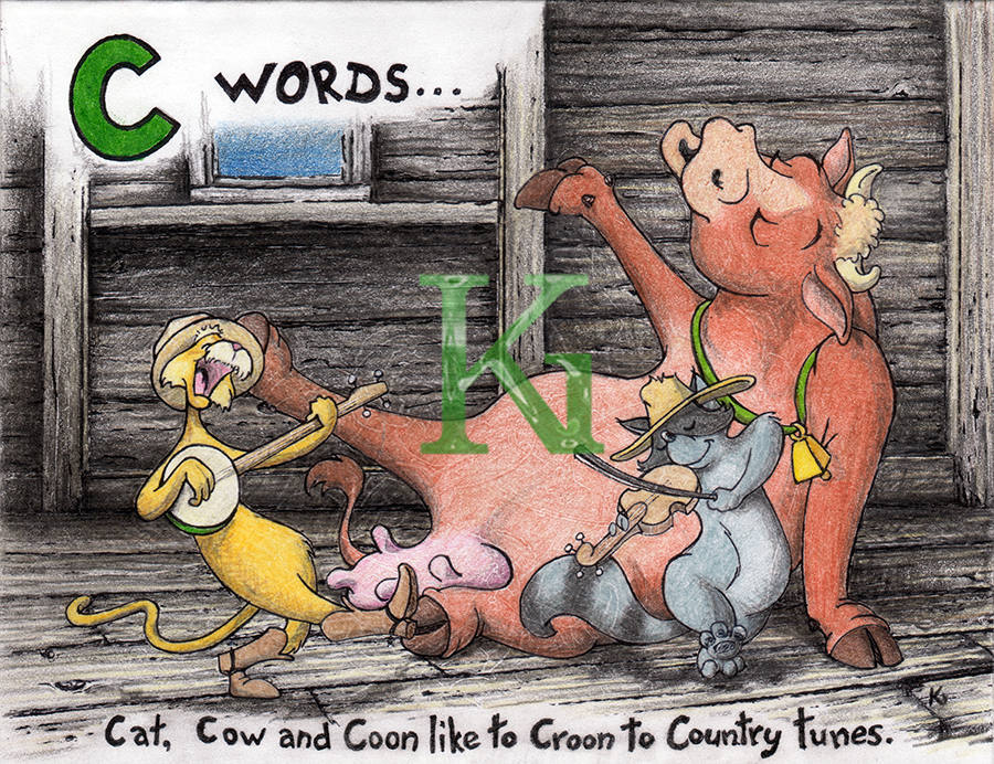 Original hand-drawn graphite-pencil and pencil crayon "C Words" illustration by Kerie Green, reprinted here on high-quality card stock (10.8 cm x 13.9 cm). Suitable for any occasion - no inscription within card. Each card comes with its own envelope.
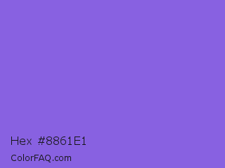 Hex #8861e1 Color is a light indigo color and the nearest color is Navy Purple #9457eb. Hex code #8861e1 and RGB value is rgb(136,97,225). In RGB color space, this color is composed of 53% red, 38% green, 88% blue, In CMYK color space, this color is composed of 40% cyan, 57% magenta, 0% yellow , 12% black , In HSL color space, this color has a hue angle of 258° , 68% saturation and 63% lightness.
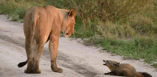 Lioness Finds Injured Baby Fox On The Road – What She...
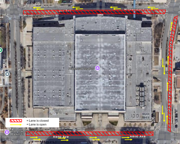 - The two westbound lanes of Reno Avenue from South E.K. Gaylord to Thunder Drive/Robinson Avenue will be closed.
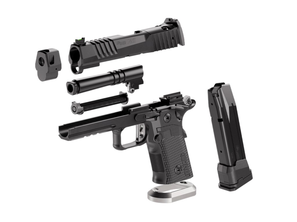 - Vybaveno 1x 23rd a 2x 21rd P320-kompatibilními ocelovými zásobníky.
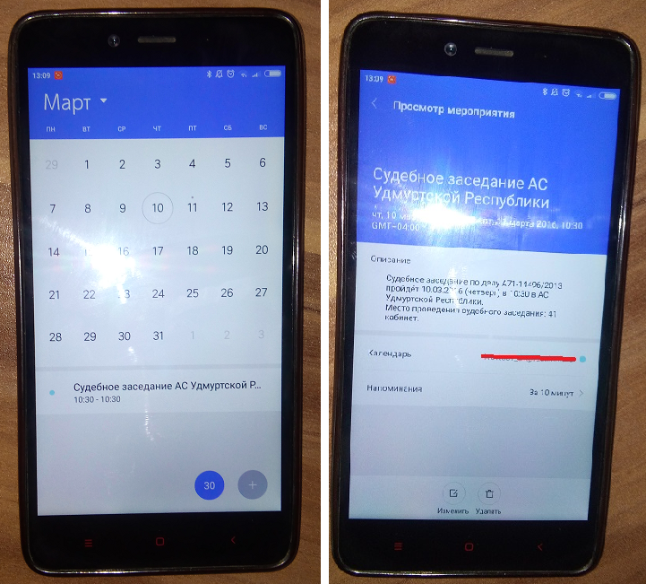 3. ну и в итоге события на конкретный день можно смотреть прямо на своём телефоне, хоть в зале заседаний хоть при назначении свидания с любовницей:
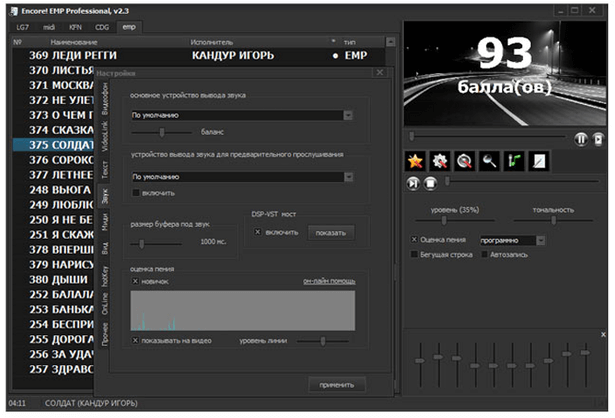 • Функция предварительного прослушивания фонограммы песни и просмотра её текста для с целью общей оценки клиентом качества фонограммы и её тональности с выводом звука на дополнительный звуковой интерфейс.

========================

- **Work order**: Reproduce the data above word for word, but leave the images out.

- **Worked solution**:
 Original hand-drawn graphite-pencil and pencil crayon "C Words" illustration by Kerie Green, reprinted here on high-quality card stock (10.8 cm x 13.9 cm). Suitable for any occasion - no inscription within card. Each card comes with its own envelope.
 Hex #8861e1 Color is a light indigo color and the nearest color is Navy Purple #9457eb. Hex code #8861e1 and RGB value is rgb(136,97,225). In RGB color space, this color is composed of 53% red, 38% green, 88% blue, In CMYK color space, this color is composed of 40% cyan, 57% magenta, 0% yellow , 12% black , In HSL color space, this color has a hue angle of 258° , 68% saturation and 63% lightness.
 Lioness Finds Injured Baby Fox On The Road – What She...
 - The two westbound lanes of Reno Avenue from South E.K. Gaylord to Thunder Drive/Robinson Avenue will be closed.
 - Vybaveno 1x 23rd a 2x 21rd P320-kompatibilními ocelovými zásobníky.
 3. ну и в итоге события на конкретный день можно смотреть прямо на своём телефоне, хоть в зале заседаний хоть при назначении свидания с любовницей:
 • Функция предварительного прослушивания фонограммы песни и просмотра её текста для с целью общей оценки клиентом качества фонограммы и её тональности с выводом звука на дополнительный звуковой интерфейс.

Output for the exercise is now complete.